Analysing, Visualising, and Forecasting of Covid-19 Spread in India Using Python
Currently, there is a lot of visualization and statistics available about the Coronavirus spread all over the internet. With so much information and expert opinions, It is difficult to analyze the information and its impact on situations. For example, different nations are adopting different strategies to implement lockdowns, following social distancing norms in affected areas, and so on. There is no straight solution available to resolve the current situation as it also depends on many other factors to handle the situation carefully. This article is an attempt of forecasting and analyze Coronavirus (COVID-19) spread in India.
Introduction
Coronavirus is an RNA (Ribonucleic acid)virus consisting of positive-sense single-stranded RNA of approximately 27–32 kb. Coronavirus belongs to the family Coronaviridae, which comprises of alpha, beta, delta, and gamma coronaviruses. The virus is known to infect a wide range of hosts including humans, other mammals, and birds. In India, 1.34 billion people have been following lockdown, maintaining social distancing and other precautions as per guidelines issued by Government of India. Therefore, I have tried to cover impact of COVID-19 on Indian population.
Objective
The objective of this article is to get the required data for analysis and gain visibility on COVID-19 by enabling the gathering of all relevant data.
Table of Contents
- Technical Prerequisites
- Gather COVID-19 Data
- State Wise Mortality Rate In India
- State Wise Analysis Before and After Lockdown
- Active Case Forecasting
- Confirmed Case Forecasting
Prerequisites
- Have Python 3.1 or above version installed
- Install Pandas, Plotly, Maltplotlib, Scikit-learn
Gather COVID-19 data
With various attempt to clamp down the effect of COVID-19 on the world, various research works and innovative measures depends on insights gained from the right data, so i decided to use Covid19India API, below is the code for fetching state wise details from the api.
import numpy as np
import pandas as pd
import matplotlib.pyplot as plt
import plotly.graph_objects as go
import plotly.express as px
pd.set_option('display.max_rows', None)
import datetime
from plotly.subplots import make_subplots
from scipy.optimize import curve_fit
import warnings
warnings.filterwarnings("ignore")
latest = pd.read_csv('https://api.covid19india.org/csv/latest/state_wise.csv')

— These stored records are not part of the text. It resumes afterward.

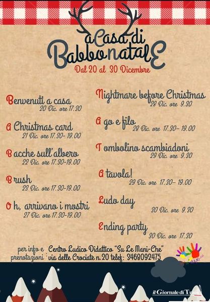 La sede dell’associazione Su le mani-che per dieci giorni si trasformerà nella vera dimora di Babbo Natale, in legno, piccola, accogliente e semplice, proprio come da tradizione: un grande camino, un albero di natale e poi tutto il suo mobilio. Niente laptop ma macchine da scrivere, niente cd: solo vinili. Una truppa di elfi, segnerà il tempo ed accompagnerà i bambini in una magica avventura alla scoperta del mondo di Babbo Natale. I bambini verranno calati in una realtà in cui non gli è tutto dovuto, ma dovranno collaborare alla preparazione del Natale con gli elfi, da soli e con i loro genitori, attraverso attività manuali che viaggeranno sempre in compagnia di filastrocche, indovinelli e racconti teatrali, giocose tappe di un fantastico viaggio all’interno della casa di Babbo Natale.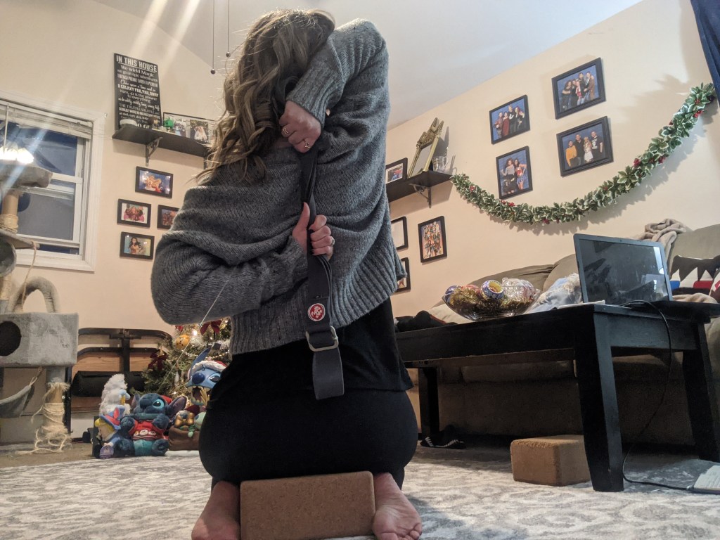 I chose to demonstrate this pose while sitting on a yoga block because it helps to keep my pelvis in neutral. However, you can sit in any position you like (including in a chair) as long as you can maintain good posture. Reach one arm straight up toward the ceiling. Internally rotate the shoulder, so that the palm faces behind you. Bend the elbow so that it points toward the ceiling and pat yourself on the back. Reach your opposite arm out to the side and internally rotate the shoulder so that the palm faces behind you with the thumb pointing down. Bend the elbow and wrap the arm around your lower back, trying to get the forearm in line with your spine. See if you can clasp hands. If you cannot, use a yoga strap or belt (or kitchen towel/tube sock/etc.) to help bridge the gap. Draw the shoulders down and together and adduct the inner biceps to make this more active.
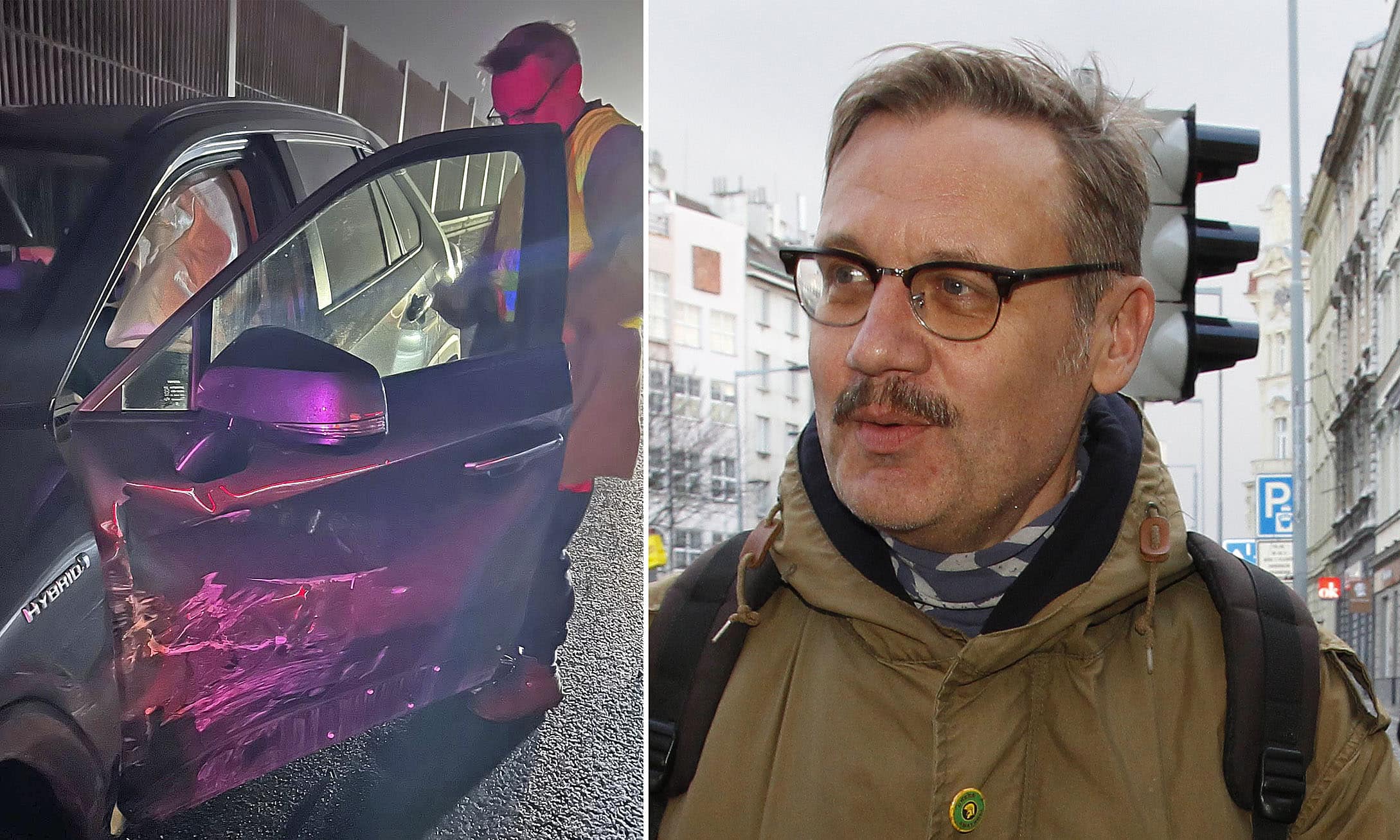 „Uf, žijeme!“ Tak si ulevil herec David Matásek po dopravní nehodě, která se odehrála včera na dálnici na Ústecku. Do jeho SUV značky Toyota s hybridním pohonem narazil jiný vůz, který řídil německý řidič. Že to byla pořádná rána, dokazuje značně poškozený bok vozu i vystřelené airbagy.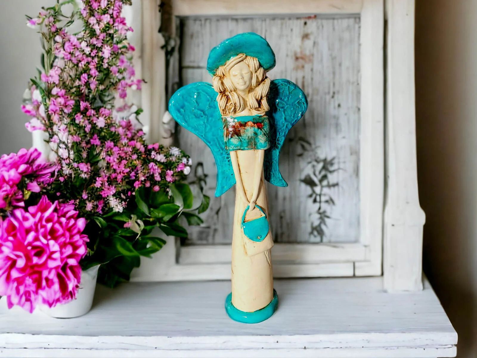 Figurka anioła Sunday Rose - turkus - 32 x 15 cm figurka dekoracyjna
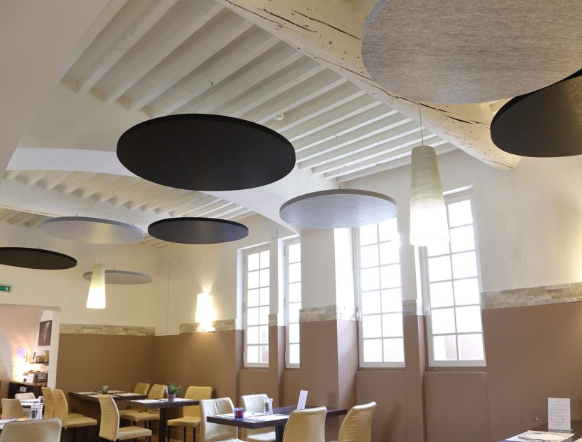 Fabriqués à partir de matériaux recyclés, ignifugés et résistant à l'humidité, avec performances acoustiques certifiées en laboratoire, ils allient efficacité technique et liberté architecturale. Disponibles en différentes formes, dimensions et coloris, ils deviennent de véritables éléments graphiques en plafond.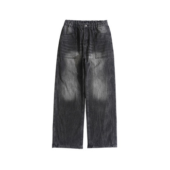 VIVGAE Original Vintage High Street American Trendy Brand Washed Distressed Boot Cut Pantalones de mezclilla para hombres y mujeres Loose Wide Cut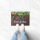 Season's Greetings door mat with a rustic photograph of a brown wooden table with pinecones, pine needles, snow, and Christmas ornaments. Festive and lovely.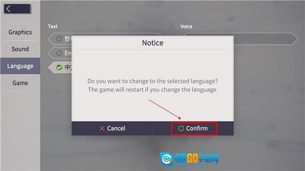 5、在弹出来的页面中选择下方的确认,等待游戏重启即可完成设置。

state_wise_daily = pd.read_csv('https://api.covid19india.org/csv/latest/state_wise_daily.csv')
state_wise_daily = state_wise_daily.melt(id_vars=['Date', 'Status'], value_vars=state_wise_daily.columns[2:], var_name='State', value_name='Count')
state_wise_daily = state_wise_daily.pivot_table(index=['Date', 'State'], columns=['Status'], values='Count').reset_index()

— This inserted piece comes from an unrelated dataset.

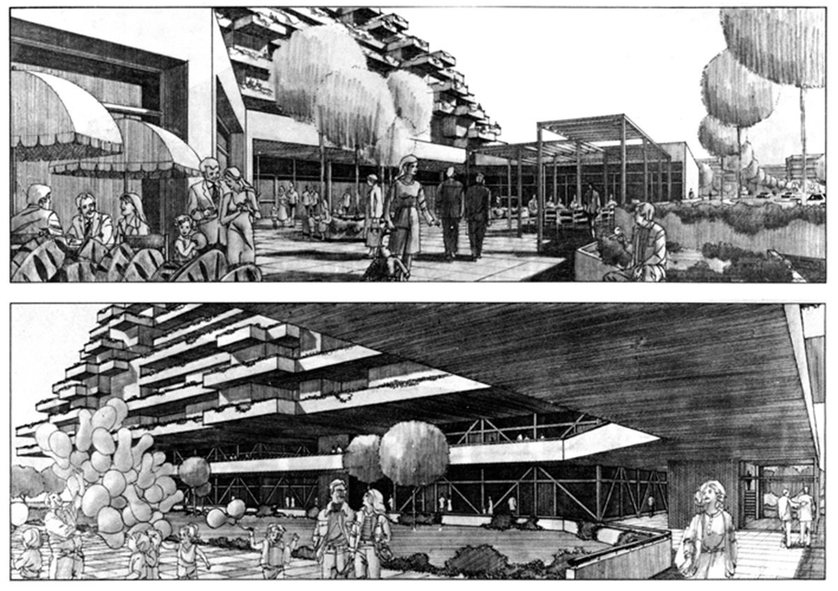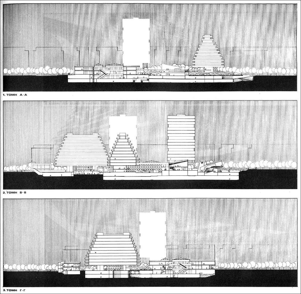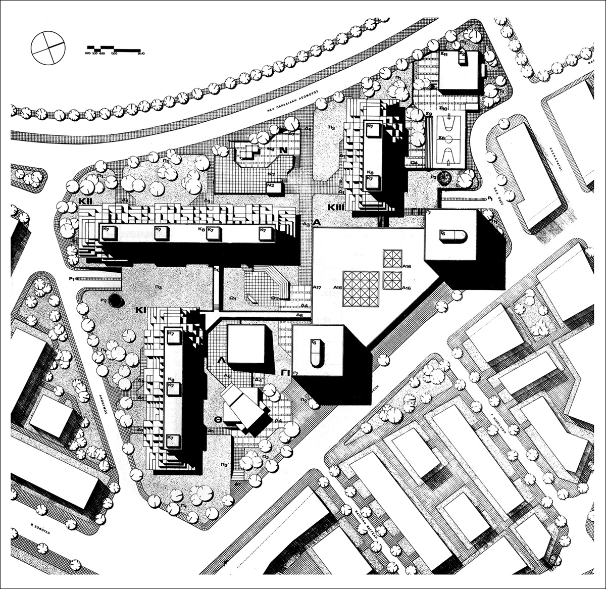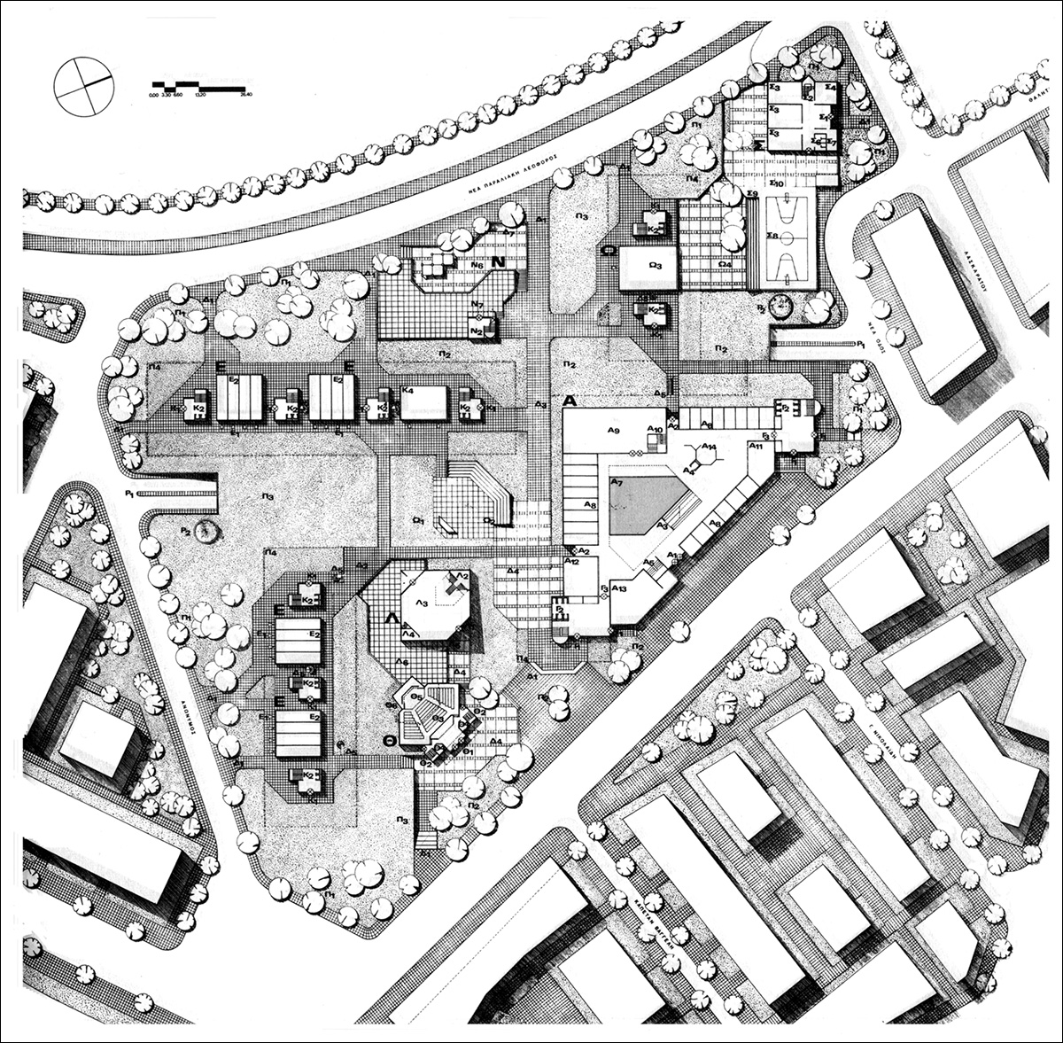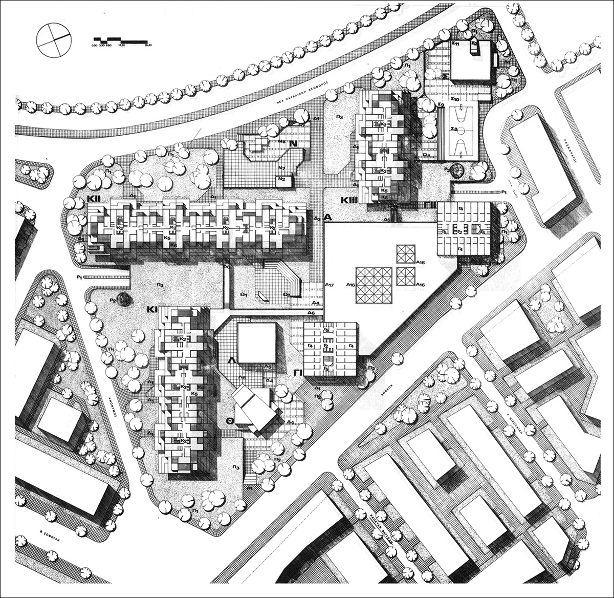 Η κατοικία, ως κύρια λειτουργία του συγκροτήματος, οργανώνεται σε τρία δεκαόροφα κτίρια (ΚΙ, ΚΙΙ, ΚΙΙΙ), με τους επτά ανώτερους ορόφους σε συνεχή εσοχή. Στη βάση των κτιρίων κατοικίας διατάσσονται διώροφες επαγγελματικές στέγες. Παράλληλα προς σην οδό Ανθέων διατάσσεται μία κλειστή τριώροφη αγορά με εσωτερικό στεγασμένο αίθριο και δύο δεκαπενταόροφοι πύργοι γραφείων. Το οικόπεδο διασχίζεται από μία ζώνη υπαίθριας αγοράς, αναψυχής και πολιτιστικών εκδηλώσεων (θέατρο, αίθουσα συναυλιών και αίθουσα εκθέσεων). Στη Ν.Δ. γωνία του οικοπέδου έχει σχεδιαστεί ένα 6τάξιο δημοτικό σχολείο. Τέλος, έχουν προβλεφθεί υπόγειοι χώροι στάθμευσης για 650 αυτοκίνητα.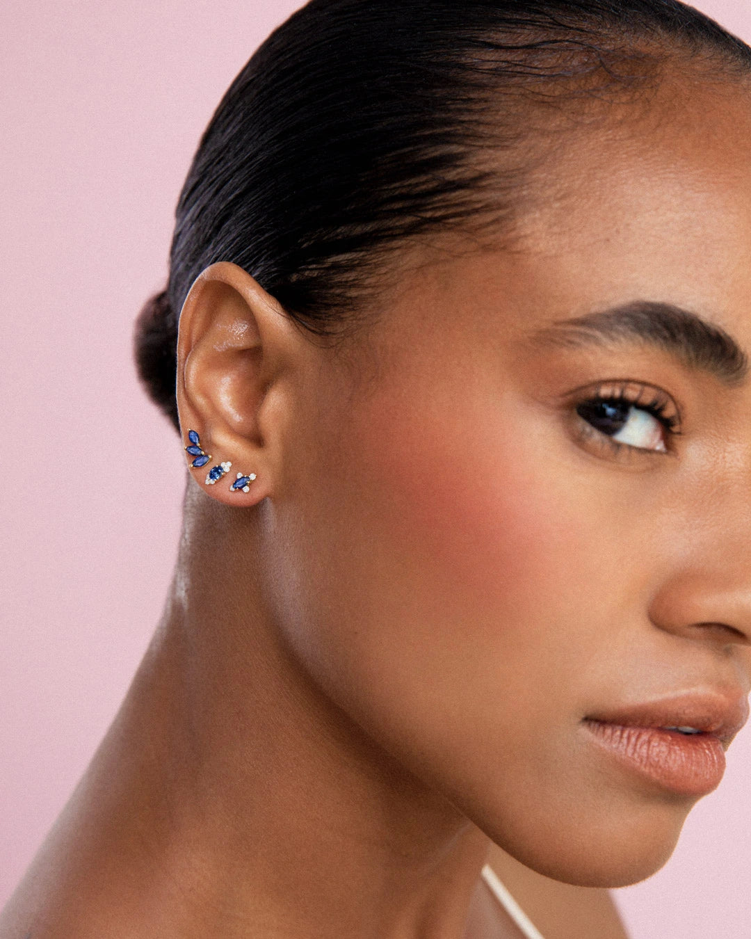 Pendientes Crown II de zafiros montados en oro amarillo de 18 Kt. Inspirados en la historia de la realeza que se mantiene viva a través del brillo de las joyas más preciadas, las coronas y tiaras reales. Las piezas de la colección Crown son una exquisita interpretación minimalista de las imponentes gemas que daban vida a las joyas de La Corona. Una joya llena de color y brillo, la perfecta fusión entre elegancia y modernidad cuyo protagonista es un sorprendente zafiro central en talla oval custodiado por seis diamantes en talla brillante que evocan la forma de una flecha. Los pendientes de la colección Crown están disponibles en oro amarillo de 18 Kt y en varias versiones, con gema central en talla brillante, marquesa y oval, con rubí, esmeralda o zafiro.

state_codes = {code:state for code, state in zip(latest['State_code'], latest['State'])}
state_codes['DD'] = 'Daman and Diu'
state_wise_daily['State_Name'] = state_wise_daily['State'].map(state_codes)

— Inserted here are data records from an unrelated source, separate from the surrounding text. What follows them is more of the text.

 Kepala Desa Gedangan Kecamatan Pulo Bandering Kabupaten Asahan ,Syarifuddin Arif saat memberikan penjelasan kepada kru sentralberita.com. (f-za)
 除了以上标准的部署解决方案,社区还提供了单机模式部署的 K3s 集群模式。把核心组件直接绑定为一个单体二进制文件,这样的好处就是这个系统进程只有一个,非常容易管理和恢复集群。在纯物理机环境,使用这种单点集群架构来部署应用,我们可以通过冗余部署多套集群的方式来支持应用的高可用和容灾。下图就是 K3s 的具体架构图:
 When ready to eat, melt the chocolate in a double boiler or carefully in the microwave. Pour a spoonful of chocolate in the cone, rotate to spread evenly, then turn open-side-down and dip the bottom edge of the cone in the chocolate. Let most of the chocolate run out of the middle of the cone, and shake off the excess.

state_wise_daily=state_wise_daily[state_wise_daily.State_Name!="Total"]
state_wise_daily['Date'] = pd.to_datetime(state_wise_daily['Date'], dayfirst=True)
state_wise_daily.sort_values('Date', ascending=True,inplace=True)
Above code, specified below details
- 2 sources of Data latest and state_wise_daily
- Mapped State code with State Names
- Aggregated and sorting of data day wise
So now we have the aggregated day by day states number of confirmed , deceased and recovered cases.
State Wise Mortality Rate in India
For finding Mortality Rate per 100 people use below code.
state_wise=state_wise_daily.groupby("State_Name").sum().reset_index()
state_wise["Mortality Rate Per 100"] =np.round(100*state_wise["Deceased"]/state_wise["Confirmed"],2)
state_wise['Mortality Rate Per 100'] = state_wise['Mortality Rate Per 100'].fillna(0)
state_wise.sort_values(by='Mortality Rate Per 100',ascending=False).style.background_gradient(cmap='Blues',subset=["Confirmed"])\
.background_gradient(cmap='Greens',subset=["Recovered"])\
.background_gradient(cmap='Reds',subset=["Deceased"])\
.background_gradient(cmap='YlOrBr',subset=["Mortality Rate Per 100"]).hide_index()
Above we have aggregated sum data for the states and for finding mortality rate, we divide deceased case with confirmed case and after running the code you will find below output

From the output we can analyse that Gujarat, Maharashtra and Madhya Pradesh are the major state where in each 100 confirmed cases of Covid-19 approx. 5 cases coming under deceased.
State wise analysis Before and after Lockdown
For doing state wise analysis , analysed the first phase of lockdown period started from 24-Mar-2020 to 24-Apr-2020 . Below are few snaps for state wise trend.


It’s interesting that how after lockdown recovered and confirmed cases are increasing in similar pattern for all the states .You can use below code to get above visualisation.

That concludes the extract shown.